You could concatenate them together:

where soundex(catx(",",a.city,a.state,a.street))=soundex(catx(",",b.city,b.state,b.street))

Or just and them together (which is probably better):

where soundex(a.city)=soundex(b.city) and soundex(a.state)=... and ...

View solution in original post

RW9 · Posted 07-30-2015 08:49 AM

First guess would be soundex() function. Have a look at this paper, has an example of matching cities where there is misspellings:

http://www2.sas.com/proceedings/sugi29/072-29.pdf

WGE914 · Posted 07-30-2015 08:54 AM

Is there a way to do this with multiple variables at once (e.g.
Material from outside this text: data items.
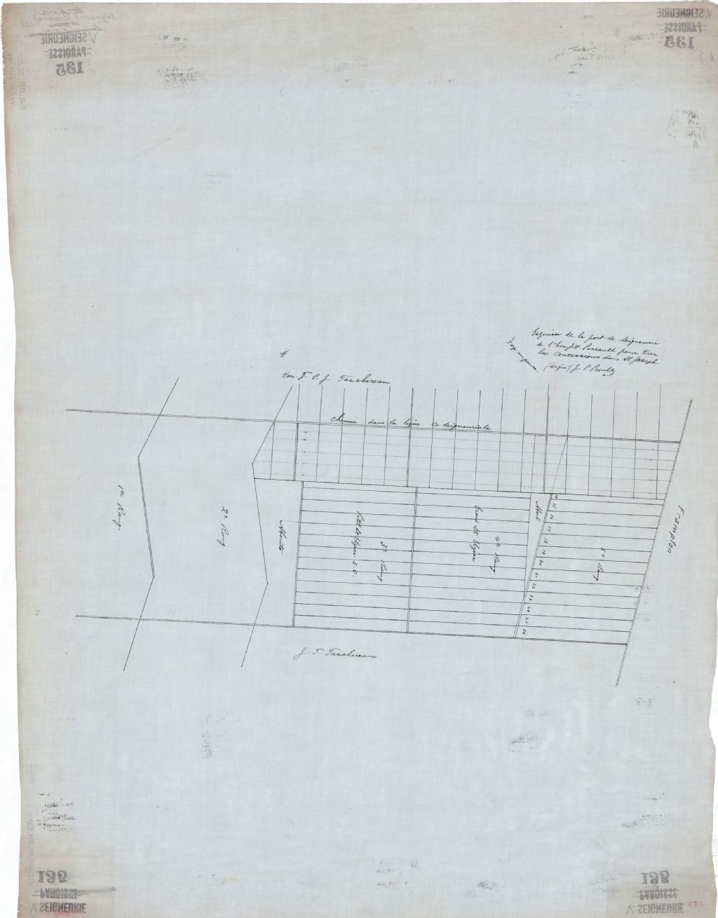 Plan de la seigneurie Sainte-Marie de l'honorable J. H. Perrault pour tirer les concessions dans Saint-Joseph
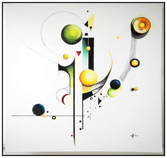 Dans ces toiles inspirées de Kandinsky, les lignes dansent avec une grâce infinie, tracées avec une pureté presque céleste. Les formes rondes émergent comme des éclats de lune, comme un nouveau soleil, évoquant la douceur des rêves et la fluidité des émotions. Chaque courbe, chaque arabesque, raconte une histoire d'harmonie et de résonance, où la simplicité des formes cache une profondeur mystique. Sous le pinceau de Laurent Balpe, la géométrie devient poésie, et la symphonie des couleurs se fond dans une symétrie enchanteresse. Ces peintures, véritables odes à la simplicité, nous invitent à contempler l'essence même de la beauté, dans un élan vers la pureté de l'âme et la sincérité de l'expression artistique.
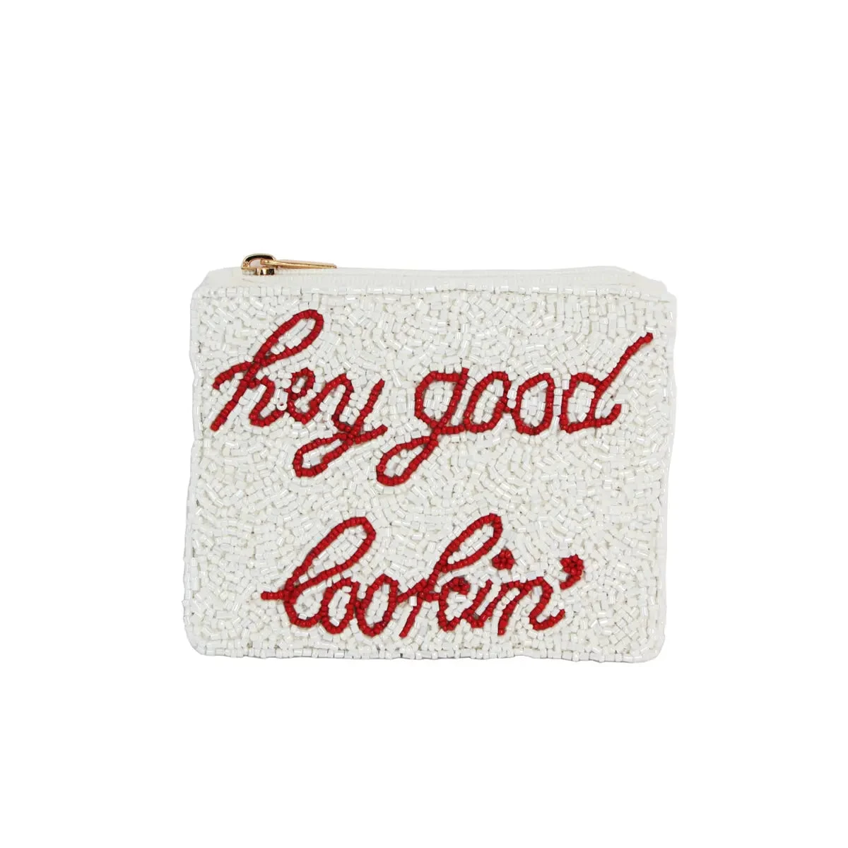 Indulge in sophistication with our Hey Good Lookin Coin Purse. This unique and daring bag features a stunning beaded coin purse design that adds texture and dimension to any outfit. Elevate your style with this must-have accessory. Measures 5×4 inches.

City, State, and street)?

RW9 · Posted 07-30-2015 09:08 AM

You could concatenate them together:

where soundex(catx(",",a.city,a.state,a.street))=soundex(catx(",",b.city,b.state,b.street))
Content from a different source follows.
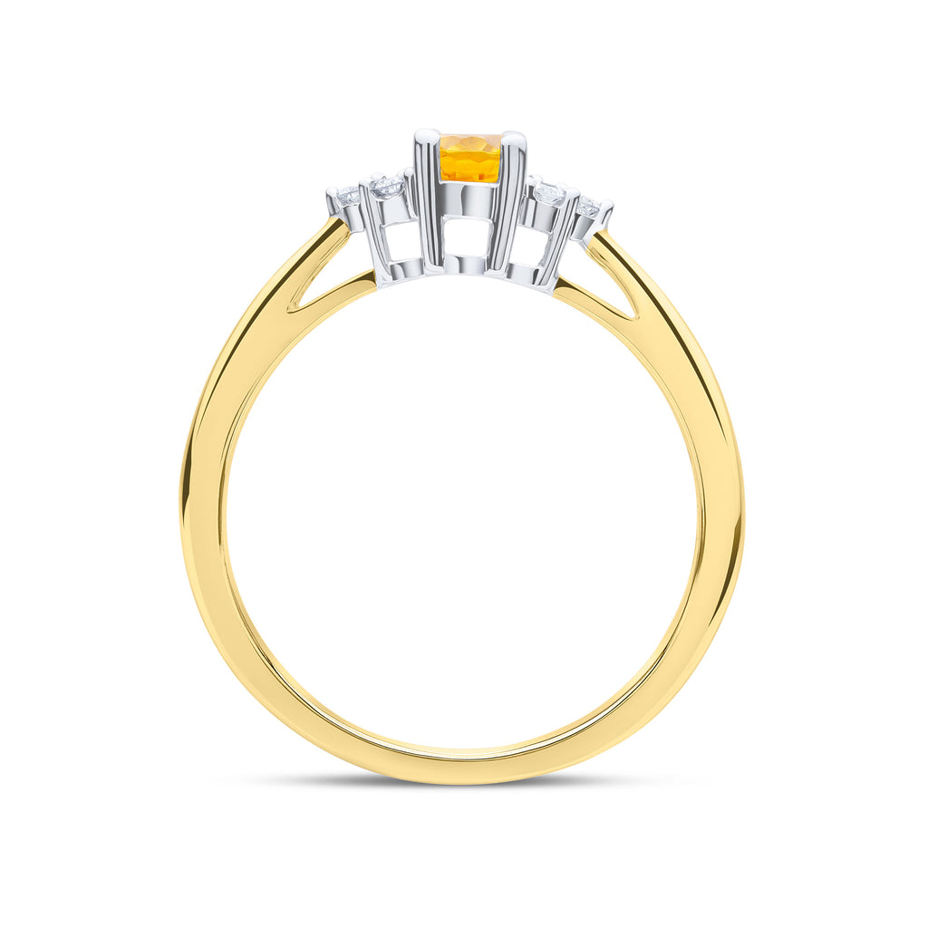 9CT Yellow Gold Oval Citrine & Diamond Trefoil Ring 6x4mm

Or just and them together (which is probably better):

where soundex(a.city)=soundex(b.city) and soundex(a.state)=... and ...

WGE914 · Posted 07-30-2015 09:17 AM

That second option may work...I'm just hoping the AND doesn't leave out too many records which have a missing state or city value in one data set. Ideally, if city is missing in one, then match on zip. If zip is missing then match on street, etc... Looks like it will have to be several SQL processes with unions, using one field at a time as the join. Thanks.

RW9 · Posted 07-30-2015 10:09 AM

Just layer your where clause:

...

where (a.city is null and a.state is null and soundex(a.street)=soundex(b.street) ) or

(a.city is null and soundex(a.state)=soundex(b.state) and soundex(a.street)=soundex(b.street)) or

(soundex(a.city)=soundex(b.city) and soundex(...)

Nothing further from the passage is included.